+++ Dataset excerpt
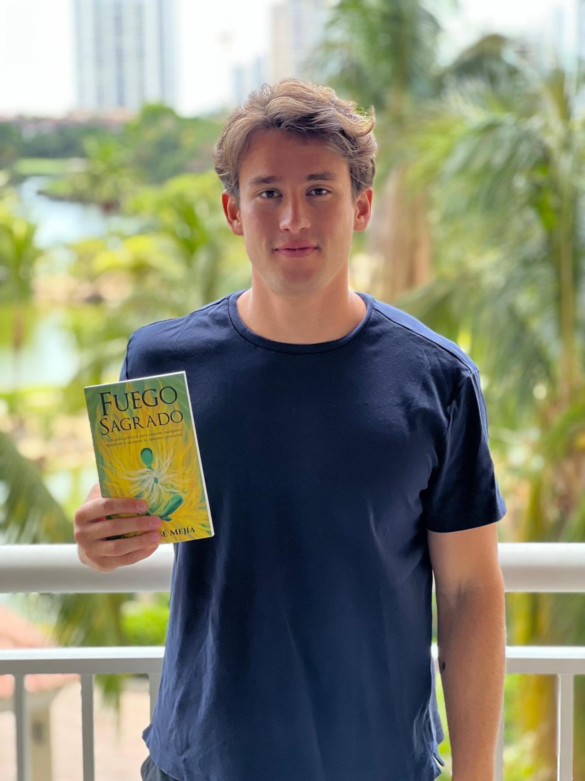 El libro “Fuego Sagrado” fue publicado en el año 2023 y puede adquirirse en Amazon. El nombre nace a raíz del impacto positivo que tuvo en su vida la presencia de su entrenador de fútbol, Juan José Ordoñez, quien también se convirtió en su padrino.
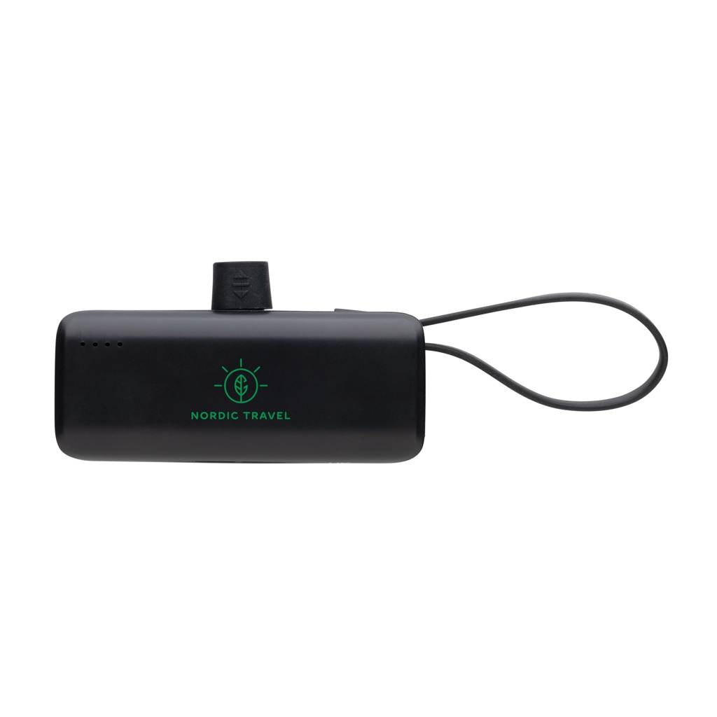 Kaasaskantav taskusuurune akupank, mida on lihtne liikvele kaasa võtta. Toitepangal on kaasas välkpistik, mille saate hõlpsalt oma iPhone'iga ühendada, et otselaadimist alustada. 3000 mAh akupangal on ka integreeritud USB C sisend- ja väljundkaabel, mida saab kasutada USB C esemete laadimiseks ja akupanga uuesti laadimiseks. Selle toitepanga kasutamiseks või laadimiseks pole vaja kaableid kaasas kanda. Valmistatud ringlussevõetud ABS-st ja taaskasutatud TPE-st. Taaskasutatud kogusisaldus: 19% eseme kogukaalust. RCS-sertifikaat tagab taaskasutatud materjalide täielikult sertifitseeritud tarneahela. Pakitud FSC® pakendisse. PVC vaba. Sisend: 5V/2.1A Väljund 5V/2.4A.
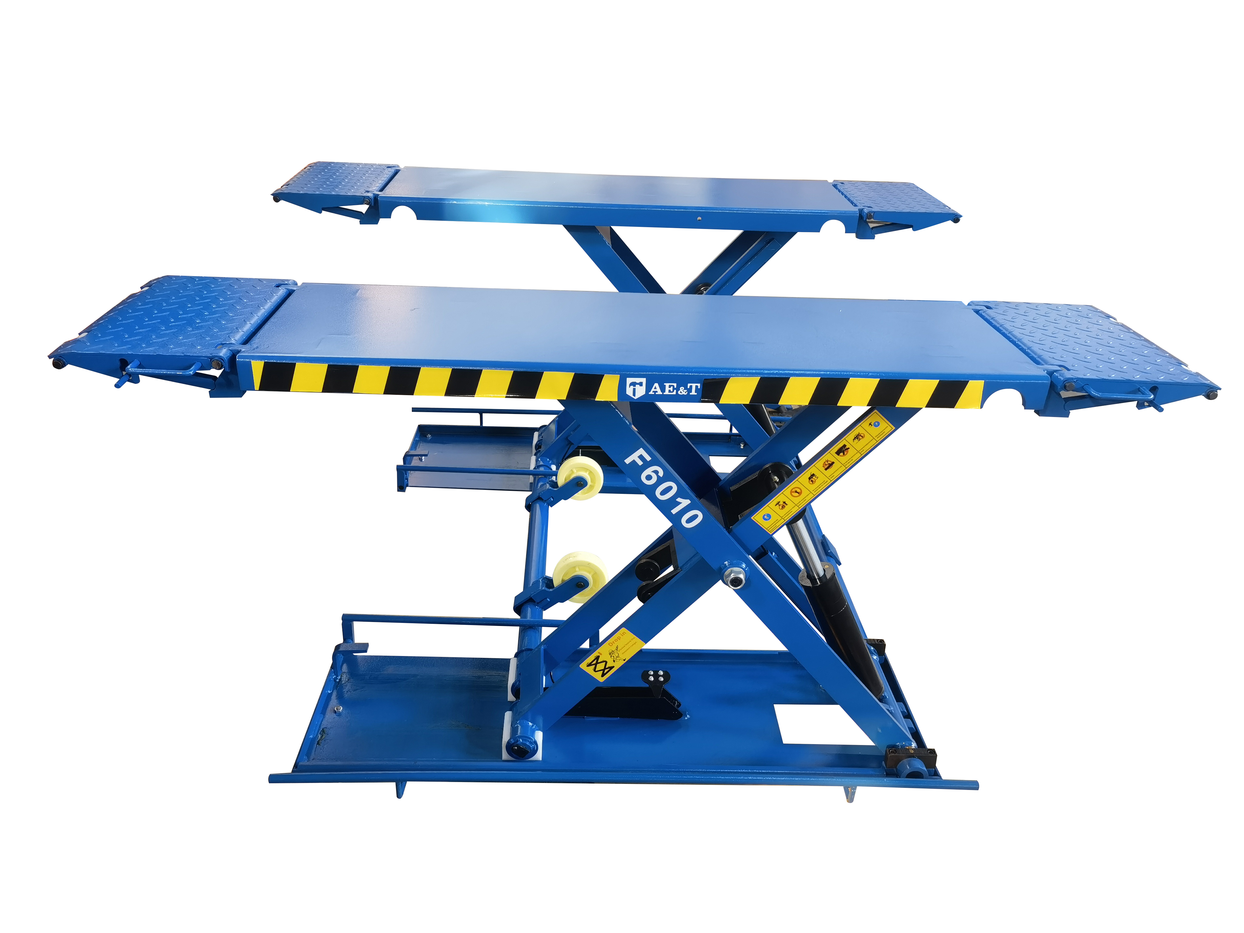 Ножничный подъемник F6010 используется для подъема автомобилей весом до 3 000 кг в условиях автосервиса либо вне помещений – под навесом. Он хорошо подходит для проведения технического обслуживания машин, в том числе слесарных работ. Устанавливается на бетонном полу без предварительной конструктивной подготовки основания, перемещается при помощи специального приспособления.
++++++
» Description of the task: Return the data exactly. Pictures stay out.

» Result below:
 El libro “Fuego Sagrado” fue publicado en el año 2023 y puede adquirirse en Amazon. El nombre nace a raíz del impacto positivo que tuvo en su vida la presencia de su entrenador de fútbol, Juan José Ordoñez, quien también se convirtió en su padrino.
 Kaasaskantav taskusuurune akupank, mida on lihtne liikvele kaasa võtta. Toitepangal on kaasas välkpistik, mille saate hõlpsalt oma iPhone'iga ühendada, et otselaadimist alustada. 3000 mAh akupangal on ka integreeritud USB C sisend- ja väljundkaabel, mida saab kasutada USB C esemete laadimiseks ja akupanga uuesti laadimiseks. Selle toitepanga kasutamiseks või laadimiseks pole vaja kaableid kaasas kanda. Valmistatud ringlussevõetud ABS-st ja taaskasutatud TPE-st. Taaskasutatud kogusisaldus: 19% eseme kogukaalust. RCS-sertifikaat tagab taaskasutatud materjalide täielikult sertifitseeritud tarneahela. Pakitud FSC® pakendisse. PVC vaba. Sisend: 5V/2.1A Väljund 5V/2.4A.
 Ножничный подъемник F6010 используется для подъема автомобилей весом до 3 000 кг в условиях автосервиса либо вне помещений – под навесом. Он хорошо подходит для проведения технического обслуживания машин, в том числе слесарных работ. Устанавливается на бетонном полу без предварительной конструктивной подготовки основания, перемещается при помощи специального приспособления.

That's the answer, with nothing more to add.